HS2

08.10.19

Passengers and freight will see improvement in Cumbria following major investment

From October 19, the Cumbrian Coast line will feel seven Sundays of disruption as Network Rail continue their major improvements.

Just under two miles of worn out track will be removed and replaced between Drigg and Bootle as part of the £2.8m Great North Rail Project. This includes the upgrading of railway stone and drainage.

Similar work was carried out earlier in the year between Silecroft and Bootle, as track was improved to comply with modern standards.  

The old class 37 locomotives were recently replaced on this line with Class 156 Northern trains, providing a more modern mode of transport.

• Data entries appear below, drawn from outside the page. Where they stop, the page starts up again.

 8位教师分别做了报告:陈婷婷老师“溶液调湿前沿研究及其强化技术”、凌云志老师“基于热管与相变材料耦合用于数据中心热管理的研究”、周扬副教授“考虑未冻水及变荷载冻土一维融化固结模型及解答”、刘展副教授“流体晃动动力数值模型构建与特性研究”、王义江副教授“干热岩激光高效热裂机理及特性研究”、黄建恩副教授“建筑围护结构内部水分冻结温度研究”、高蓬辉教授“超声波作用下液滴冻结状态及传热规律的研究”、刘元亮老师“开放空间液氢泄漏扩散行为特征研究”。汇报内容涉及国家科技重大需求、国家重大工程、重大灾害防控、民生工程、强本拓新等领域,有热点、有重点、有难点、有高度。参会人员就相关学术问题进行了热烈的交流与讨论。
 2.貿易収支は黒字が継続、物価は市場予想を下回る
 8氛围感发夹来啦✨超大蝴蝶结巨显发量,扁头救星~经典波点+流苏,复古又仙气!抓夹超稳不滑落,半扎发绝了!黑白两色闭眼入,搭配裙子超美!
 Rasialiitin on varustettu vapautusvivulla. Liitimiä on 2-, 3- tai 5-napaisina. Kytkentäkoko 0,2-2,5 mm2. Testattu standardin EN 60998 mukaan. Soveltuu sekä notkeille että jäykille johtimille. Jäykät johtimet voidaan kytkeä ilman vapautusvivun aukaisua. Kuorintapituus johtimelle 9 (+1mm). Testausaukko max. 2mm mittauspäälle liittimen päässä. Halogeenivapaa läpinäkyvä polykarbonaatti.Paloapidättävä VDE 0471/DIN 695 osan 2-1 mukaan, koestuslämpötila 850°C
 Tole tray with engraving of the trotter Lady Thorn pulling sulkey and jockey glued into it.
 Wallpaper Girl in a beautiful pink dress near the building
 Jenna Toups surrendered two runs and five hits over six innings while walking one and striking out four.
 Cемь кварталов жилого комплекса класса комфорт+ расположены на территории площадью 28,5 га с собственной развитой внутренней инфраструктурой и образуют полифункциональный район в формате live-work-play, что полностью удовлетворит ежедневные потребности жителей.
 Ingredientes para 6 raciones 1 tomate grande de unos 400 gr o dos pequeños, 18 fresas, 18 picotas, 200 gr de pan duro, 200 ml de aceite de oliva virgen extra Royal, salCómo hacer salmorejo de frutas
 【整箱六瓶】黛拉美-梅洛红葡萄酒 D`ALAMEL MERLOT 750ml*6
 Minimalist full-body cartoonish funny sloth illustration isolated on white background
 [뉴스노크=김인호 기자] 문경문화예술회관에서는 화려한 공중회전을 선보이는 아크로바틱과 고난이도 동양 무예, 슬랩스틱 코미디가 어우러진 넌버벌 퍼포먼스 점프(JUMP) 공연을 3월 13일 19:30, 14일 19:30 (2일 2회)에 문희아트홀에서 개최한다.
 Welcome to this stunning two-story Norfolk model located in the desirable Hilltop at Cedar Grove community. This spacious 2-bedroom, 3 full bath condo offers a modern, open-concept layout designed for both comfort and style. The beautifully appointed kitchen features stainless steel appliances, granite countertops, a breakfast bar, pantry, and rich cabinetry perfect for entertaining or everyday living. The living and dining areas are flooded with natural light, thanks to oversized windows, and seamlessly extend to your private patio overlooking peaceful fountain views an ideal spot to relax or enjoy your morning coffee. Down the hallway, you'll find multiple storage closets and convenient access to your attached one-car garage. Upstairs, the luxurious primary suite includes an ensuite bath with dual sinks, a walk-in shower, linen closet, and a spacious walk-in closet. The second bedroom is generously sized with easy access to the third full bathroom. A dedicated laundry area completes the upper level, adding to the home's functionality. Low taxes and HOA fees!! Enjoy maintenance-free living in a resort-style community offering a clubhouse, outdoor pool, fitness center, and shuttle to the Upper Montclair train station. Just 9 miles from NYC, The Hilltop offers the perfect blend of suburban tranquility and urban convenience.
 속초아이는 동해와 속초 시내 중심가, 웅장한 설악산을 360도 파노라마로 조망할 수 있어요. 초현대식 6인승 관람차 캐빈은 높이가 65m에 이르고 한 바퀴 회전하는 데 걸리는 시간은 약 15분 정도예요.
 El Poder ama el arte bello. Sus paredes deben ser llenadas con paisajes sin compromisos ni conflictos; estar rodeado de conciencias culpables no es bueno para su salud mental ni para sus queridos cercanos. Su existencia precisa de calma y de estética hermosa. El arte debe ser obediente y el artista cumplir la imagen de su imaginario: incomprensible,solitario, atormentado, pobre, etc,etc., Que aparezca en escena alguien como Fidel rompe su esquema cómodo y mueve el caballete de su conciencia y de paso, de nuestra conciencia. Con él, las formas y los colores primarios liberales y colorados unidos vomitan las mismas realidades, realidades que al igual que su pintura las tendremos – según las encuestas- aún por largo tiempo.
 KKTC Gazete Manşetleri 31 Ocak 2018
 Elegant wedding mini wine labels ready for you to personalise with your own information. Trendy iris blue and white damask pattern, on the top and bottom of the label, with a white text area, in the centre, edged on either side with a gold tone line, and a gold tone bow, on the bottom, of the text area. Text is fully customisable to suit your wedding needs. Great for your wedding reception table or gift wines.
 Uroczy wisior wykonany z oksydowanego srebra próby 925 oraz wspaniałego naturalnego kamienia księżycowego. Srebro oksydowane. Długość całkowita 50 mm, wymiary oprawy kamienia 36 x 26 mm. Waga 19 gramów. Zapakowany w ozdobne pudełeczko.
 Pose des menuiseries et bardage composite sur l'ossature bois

Now the attention is being focused on upgrading the track, making a smoother and more comfortable journey for passengers.

Park South on the Cumbrian coast line

Phil James, North West route director at Network Rail, said:

 “We’re committed to putting Cumbrian passengers first. This work as part of the Great North Rail Project will not only make the coast line more reliable for Northern passengers but also for economically important freight trains travelling along this picturesque route.

“The essential work has been carefully planned to cause the least disruption to passengers. We thank people for their patience and advise people travelling between Barrow and Carlisle to check with National Rail Enquiries or Northern if they plan to travel by rail on Sundays.”

While work takes place, buses will replace trains between Barrow, Millom and Sellafield, to try and continue to connect passengers to where they need to be.

The 1.9 miles of new rail and sleepers will last longer, reduce maintenance costs and protect the railway from heavy rainfall.

This is thanks to new and improved materials being used as well as half a mile of railway stone and 300 metres of new drainage.

Trudy Harrison, MP for Copeland, said: 

“I recognise the inconvenience of not having the 21 trains running on a Sunday, following our hard work campaigning to get them, but this essential maintenance means that our service along the Cumbrian coastal railway line will be more reliable. I am delighted that so much investment is going into our local line, it’s not before time, and we have so many more services now.”